## What you should do
The records that follow need to be output exactly as they are.

## Data provided

########

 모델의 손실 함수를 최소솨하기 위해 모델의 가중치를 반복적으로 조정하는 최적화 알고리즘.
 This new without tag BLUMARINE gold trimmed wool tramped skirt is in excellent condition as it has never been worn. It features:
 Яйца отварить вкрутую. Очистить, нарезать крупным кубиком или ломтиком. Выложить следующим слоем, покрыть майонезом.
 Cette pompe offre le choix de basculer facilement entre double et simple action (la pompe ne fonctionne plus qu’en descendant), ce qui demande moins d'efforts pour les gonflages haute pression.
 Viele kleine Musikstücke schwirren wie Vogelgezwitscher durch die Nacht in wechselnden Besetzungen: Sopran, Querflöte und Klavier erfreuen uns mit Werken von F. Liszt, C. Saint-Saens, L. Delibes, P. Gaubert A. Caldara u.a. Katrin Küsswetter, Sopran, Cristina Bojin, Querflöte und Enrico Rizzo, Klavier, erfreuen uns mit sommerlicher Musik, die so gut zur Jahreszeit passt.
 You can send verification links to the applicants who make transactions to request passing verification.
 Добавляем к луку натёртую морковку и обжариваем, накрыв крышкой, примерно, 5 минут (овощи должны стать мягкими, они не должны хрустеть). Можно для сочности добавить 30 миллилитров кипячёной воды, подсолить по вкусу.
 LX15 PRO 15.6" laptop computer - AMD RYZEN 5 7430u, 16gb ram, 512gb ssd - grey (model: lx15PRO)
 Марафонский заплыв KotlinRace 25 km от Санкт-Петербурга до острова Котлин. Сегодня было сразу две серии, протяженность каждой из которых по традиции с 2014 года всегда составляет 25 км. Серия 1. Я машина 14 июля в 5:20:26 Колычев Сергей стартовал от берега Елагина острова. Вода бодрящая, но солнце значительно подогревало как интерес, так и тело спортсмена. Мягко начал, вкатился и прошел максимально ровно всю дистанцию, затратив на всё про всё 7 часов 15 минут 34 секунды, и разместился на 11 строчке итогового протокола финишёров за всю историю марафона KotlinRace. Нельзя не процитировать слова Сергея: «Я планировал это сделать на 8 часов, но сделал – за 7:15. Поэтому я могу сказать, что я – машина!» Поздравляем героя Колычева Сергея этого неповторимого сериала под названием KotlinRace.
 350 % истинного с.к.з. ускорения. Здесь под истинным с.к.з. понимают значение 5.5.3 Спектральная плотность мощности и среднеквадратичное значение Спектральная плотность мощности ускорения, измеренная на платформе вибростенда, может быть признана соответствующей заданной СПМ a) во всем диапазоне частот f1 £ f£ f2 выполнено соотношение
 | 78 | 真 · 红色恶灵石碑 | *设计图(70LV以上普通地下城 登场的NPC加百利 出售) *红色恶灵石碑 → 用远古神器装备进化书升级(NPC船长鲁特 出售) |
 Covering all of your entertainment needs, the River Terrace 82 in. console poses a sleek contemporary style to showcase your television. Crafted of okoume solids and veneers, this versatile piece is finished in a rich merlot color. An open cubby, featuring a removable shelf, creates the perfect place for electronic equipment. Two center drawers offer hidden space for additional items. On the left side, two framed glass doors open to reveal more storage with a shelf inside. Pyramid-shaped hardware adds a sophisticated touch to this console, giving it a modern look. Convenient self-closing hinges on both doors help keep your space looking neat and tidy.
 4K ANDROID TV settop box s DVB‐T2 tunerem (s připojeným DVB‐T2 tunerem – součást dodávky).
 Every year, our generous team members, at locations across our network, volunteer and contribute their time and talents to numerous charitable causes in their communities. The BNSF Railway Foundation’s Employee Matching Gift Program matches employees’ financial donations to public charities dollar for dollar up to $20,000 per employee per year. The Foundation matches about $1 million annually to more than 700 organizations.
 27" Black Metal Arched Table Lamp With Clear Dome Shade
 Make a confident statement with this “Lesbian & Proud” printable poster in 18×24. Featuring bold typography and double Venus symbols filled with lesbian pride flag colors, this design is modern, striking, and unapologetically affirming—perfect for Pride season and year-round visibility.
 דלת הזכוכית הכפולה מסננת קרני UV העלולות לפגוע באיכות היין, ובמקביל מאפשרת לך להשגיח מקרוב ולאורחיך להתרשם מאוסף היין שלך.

########

## Task solution
 모델의 손실 함수를 최소솨하기 위해 모델의 가중치를 반복적으로 조정하는 최적화 알고리즘.
 This new without tag BLUMARINE gold trimmed wool tramped skirt is in excellent condition as it has never been worn. It features:
 Яйца отварить вкрутую. Очистить, нарезать крупным кубиком или ломтиком. Выложить следующим слоем, покрыть майонезом.
 Cette pompe offre le choix de basculer facilement entre double et simple action (la pompe ne fonctionne plus qu’en descendant), ce qui demande moins d'efforts pour les gonflages haute pression.
 Viele kleine Musikstücke schwirren wie Vogelgezwitscher durch die Nacht in wechselnden Besetzungen: Sopran, Querflöte und Klavier erfreuen uns mit Werken von F. Liszt, C. Saint-Saens, L. Delibes, P. Gaubert A. Caldara u.a. Katrin Küsswetter, Sopran, Cristina Bojin, Querflöte und Enrico Rizzo, Klavier, erfreuen uns mit sommerlicher Musik, die so gut zur Jahreszeit passt.
 You can send verification links to the applicants who make transactions to request passing verification.
 Добавляем к луку натёртую морковку и обжариваем, накрыв крышкой, примерно, 5 минут (овощи должны стать мягкими, они не должны хрустеть). Можно для сочности добавить 30 миллилитров кипячёной воды, подсолить по вкусу.
 LX15 PRO 15.6" laptop computer - AMD RYZEN 5 7430u, 16gb ram, 512gb ssd - grey (model: lx15PRO)
 Марафонский заплыв KotlinRace 25 km от Санкт-Петербурга до острова Котлин. Сегодня было сразу две серии, протяженность каждой из которых по традиции с 2014 года всегда составляет 25 км. Серия 1. Я машина 14 июля в 5:20:26 Колычев Сергей стартовал от берега Елагина острова. Вода бодрящая, но солнце значительно подогревало как интерес, так и тело спортсмена. Мягко начал, вкатился и прошел максимально ровно всю дистанцию, затратив на всё про всё 7 часов 15 минут 34 секунды, и разместился на 11 строчке итогового протокола финишёров за всю историю марафона KotlinRace. Нельзя не процитировать слова Сергея: «Я планировал это сделать на 8 часов, но сделал – за 7:15. Поэтому я могу сказать, что я – машина!» Поздравляем героя Колычева Сергея этого неповторимого сериала под названием KotlinRace.
 350 % истинного с.к.з. ускорения. Здесь под истинным с.к.з. понимают значение 5.5.3 Спектральная плотность мощности и среднеквадратичное значение Спектральная плотность мощности ускорения, измеренная на платформе вибростенда, может быть признана соответствующей заданной СПМ a) во всем диапазоне частот f1 £ f£ f2 выполнено соотношение
 | 78 | 真 · 红色恶灵石碑 | *设计图(70LV以上普通地下城 登场的NPC加百利 出售) *红色恶灵石碑 → 用远古神器装备进化书升级(NPC船长鲁特 出售) |
 Covering all of your entertainment needs, the River Terrace 82 in. console poses a sleek contemporary style to showcase your television. Crafted of okoume solids and veneers, this versatile piece is finished in a rich merlot color. An open cubby, featuring a removable shelf, creates the perfect place for electronic equipment. Two center drawers offer hidden space for additional items. On the left side, two framed glass doors open to reveal more storage with a shelf inside. Pyramid-shaped hardware adds a sophisticated touch to this console, giving it a modern look. Convenient self-closing hinges on both doors help keep your space looking neat and tidy.
 4K ANDROID TV settop box s DVB‐T2 tunerem (s připojeným DVB‐T2 tunerem – součást dodávky).
 Every year, our generous team members, at locations across our network, volunteer and contribute their time and talents to numerous charitable causes in their communities. The BNSF Railway Foundation’s Employee Matching Gift Program matches employees’ financial donations to public charities dollar for dollar up to $20,000 per employee per year. The Foundation matches about $1 million annually to more than 700 organizations.
 27" Black Metal Arched Table Lamp With Clear Dome Shade
 Make a confident statement with this “Lesbian & Proud” printable poster in 18×24. Featuring bold typography and double Venus symbols filled with lesbian pride flag colors, this design is modern, striking, and unapologetically affirming—perfect for Pride season and year-round visibility.
 דלת הזכוכית הכפולה מסננת קרני UV העלולות לפגוע באיכות היין, ובמקביל מאפשרת לך להשגיח מקרוב ולאורחיך להתרשם מאוסף היין שלך.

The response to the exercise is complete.